3.1.4 Global Constraints In contrast to local constraints, which operate on state parameters, global constraints operate on parameters that integrate over the history of state or actions. Examples include path distance, duration, and capacity limitations on consumable or replenishable resources. ISE enforces global constraints in one of two ways. ISE stores global constraint parameters through auxiliary variables stored alongside DPARMS state parameters or, if the parameter is to be optimized, in the objective function (see Sections 3.1.6 and 3.1.7). If stored alongside the DPARMS parameters, the global constraint parameters are evaluated inside the β state transition function. When a violation occurs, the β function rejects the arc. Alternatively, if the parameter is stored in the objective function, ISE cannot reject the arc, but assigns a very high cost to the arc to reduce its chances of entering into any optimal solution. Under this second approach, if no cheaper legal path exists, ISE will yield the least expensive illegal path.
What are the implications of local and global constraint parameters? The addition of global constraint parameters does not add dimensions to the state space. However, under the Markov assumption, aside from rejecting arcs, global constraint parameters cannot legally have any effect on DPARMS or cost for state transitions. Furthermore, ISE can only guarantee planning completeness in the variables comprising the state space. If a parameter is not a member of the state, ISE cannot explore trajectories that vary the parameter to find feasible path solutions. Any global constraint can be transformed into a local constraint by promoting its parameter to a full DPARMS state parameter. The parameter can then affect state transitions and costs for legal state transitions, but at the computational and memory expense of an added dimension in the state space (see Section 3.4.2).
3.1.5 Resource Parameters Because of its flexible treatment of state, constraints and cost, ISE is particularly well-suited to reasoning about resources. A resource is a quantity that is essential to achieving a goal, and yet is in limited supply. ISE represents resources as constraint-limited parameters. ISE can be represent resources as DPARMS state variables, limited by local constraints, or as global constraint parameters alongside DPARMS or in the objective function.
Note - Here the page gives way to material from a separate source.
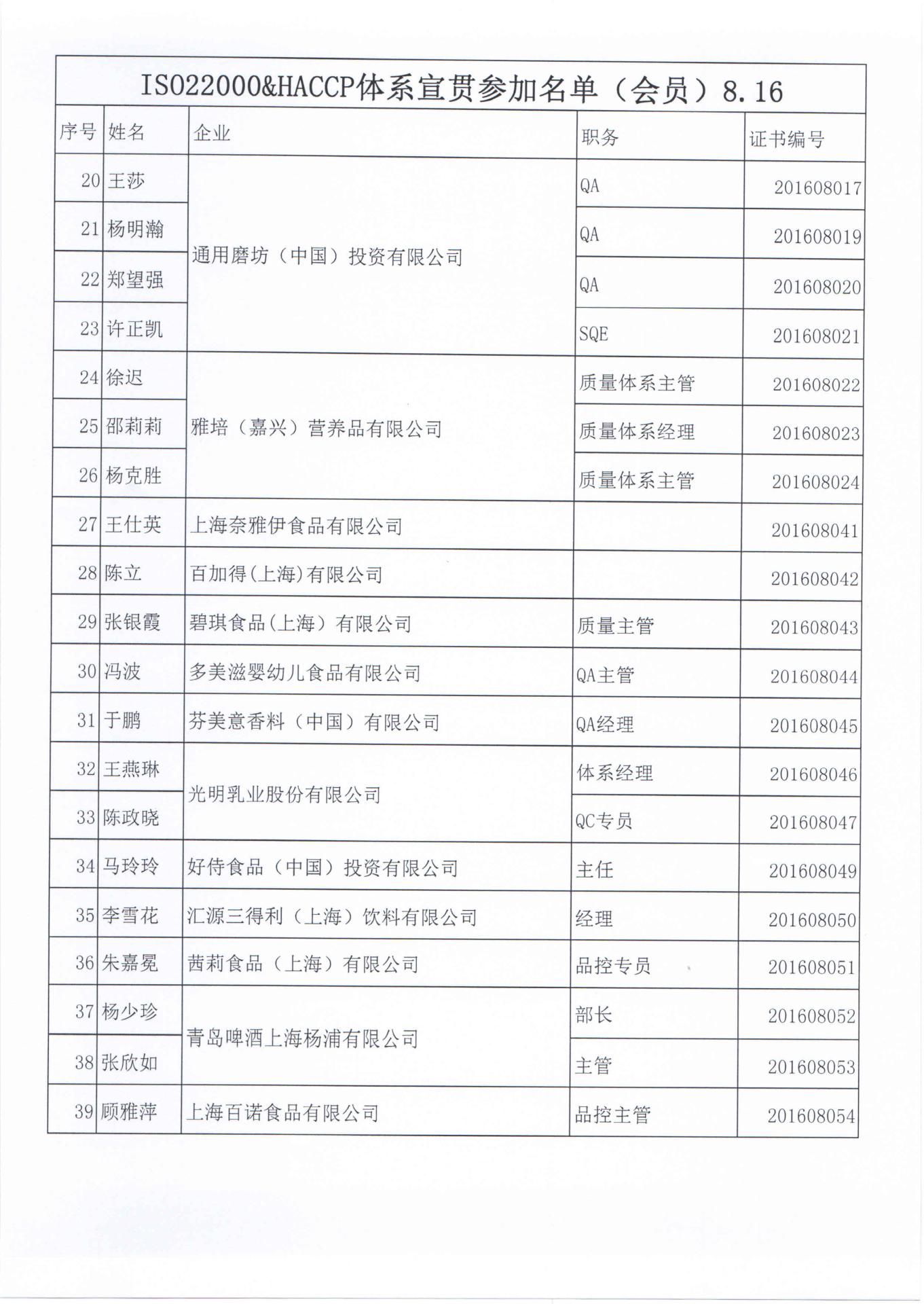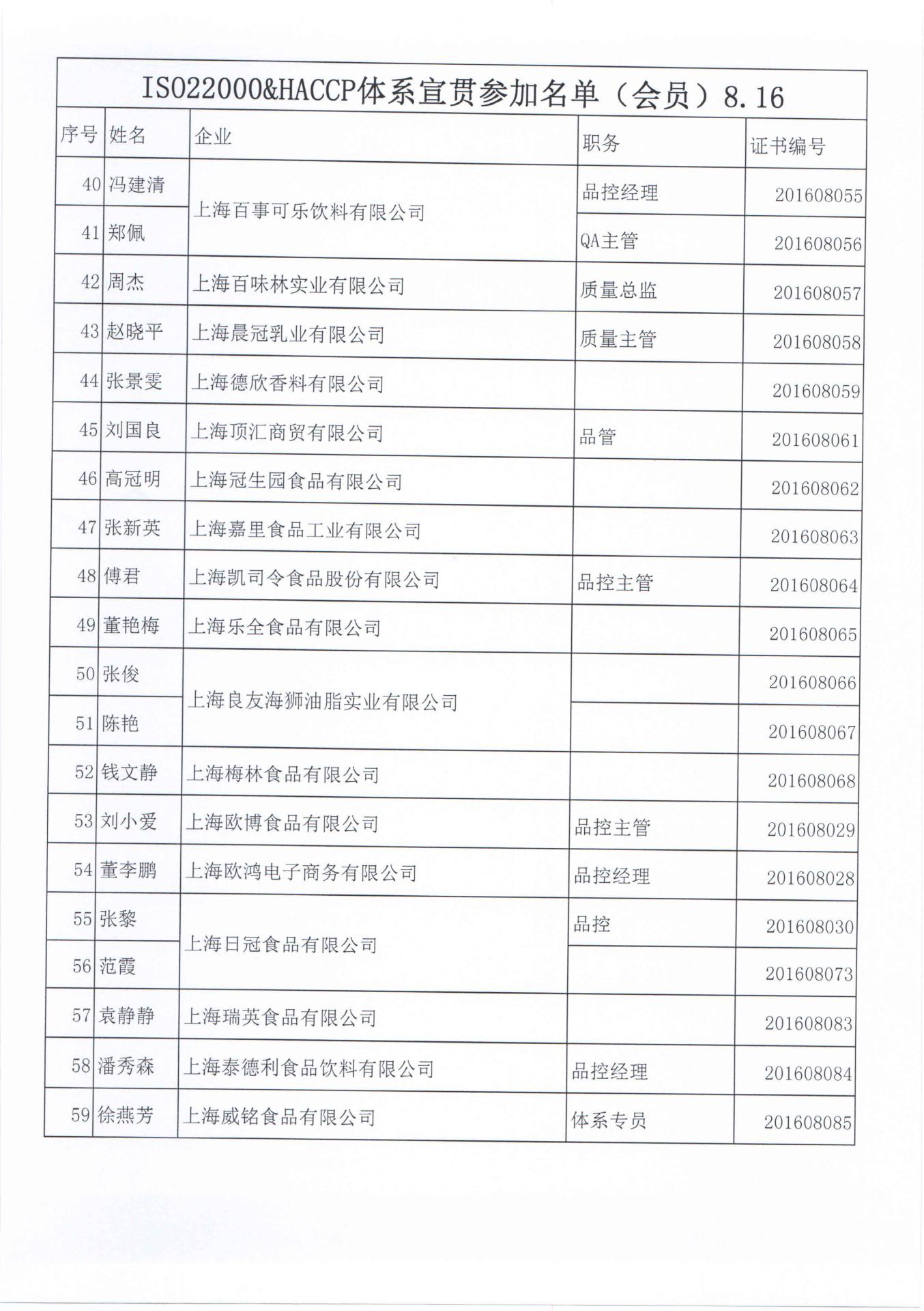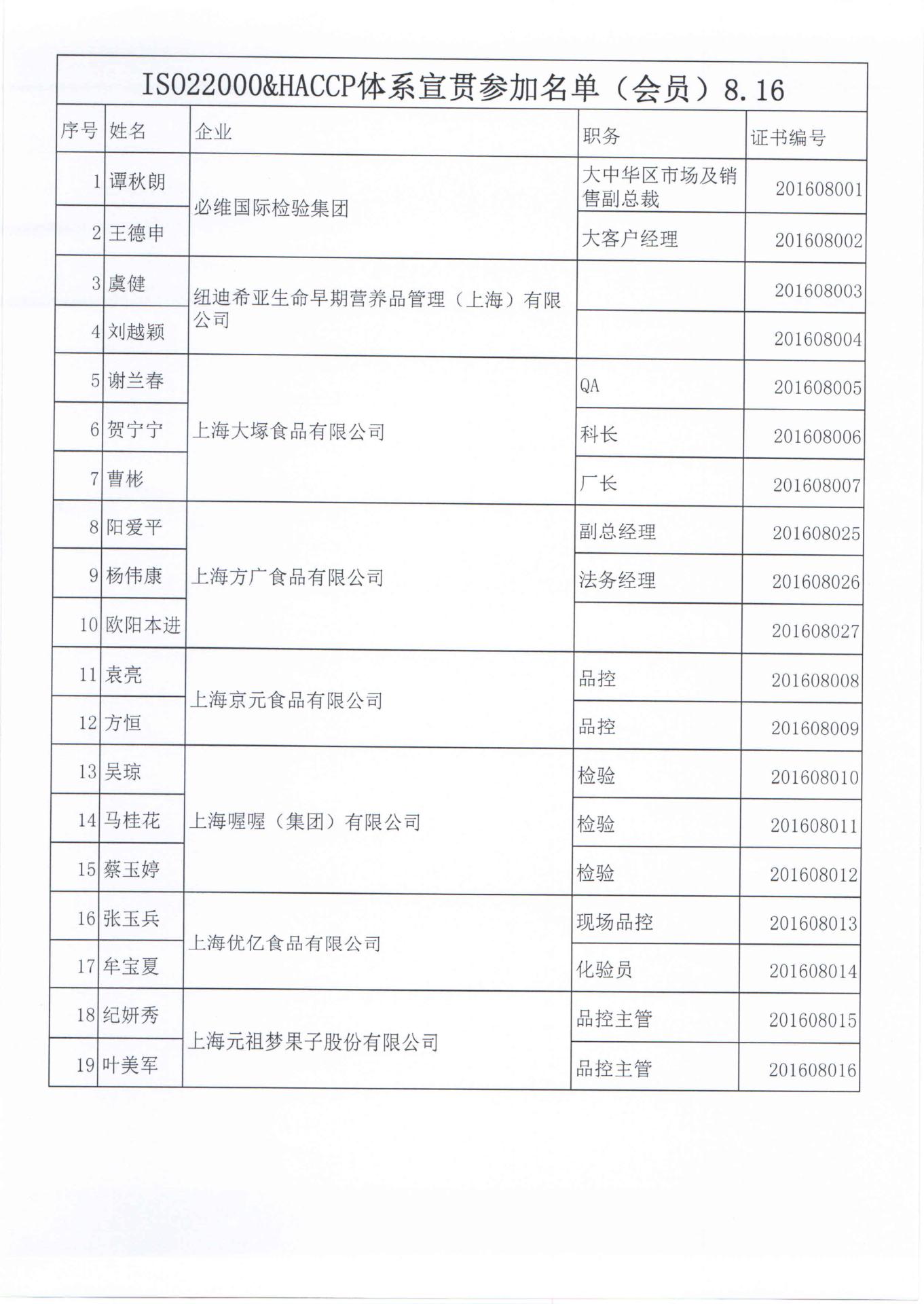 2016年8月16日,上海市食品化妆品质量安全管理协会在上海质量教育培训中心多功能厅开展针对ISO22000:2005和HACCP体系的宣贯,以ISO22000标准为主体,邀请上海质量体系审核中心(SAC)专家、上海质量教育培训中心管理者代表、高级体系审核员潘盈高级工程师授课。

Resource parameters can be divided into two categories - monotonic and non-monotonic. Monotonic resource parameters monotonically increase or decrease over the course of a trajectory. Examples of monotonic resources include non-rechargeable battery energy or finite-lifetime components. More abstractly, if a path is constrained to be less than a given distance or duration, then remaining distance or duration can also be considered resources. Planning problems often involve renewable resources - parameters that can be expended and replenished over different arcs, and hence are non-monotonic. Rechargeable energy, thermal load, available computer memory or communications bandwidth are all examples of non-monotonic resources.
In ISE, because of the backwards-chaining order of search, the semantics of resource parameters are different than for typical parameters. As with all DPARMS and objective function parameters, values for resource parameters must be initialized for each goal prior to search. Semantically, it is useful to treat these values as minimum allowable resource levels at the completion of a path. For example, a parameter to represent duration remaining to the goal (as a way of constraining duration over a path) might be set to zero. In words, at the start of a path if a robot is given an upper bound on duration to reach the goal, it is legal in the worst case to exhaust the entire duration “resource”, but no more.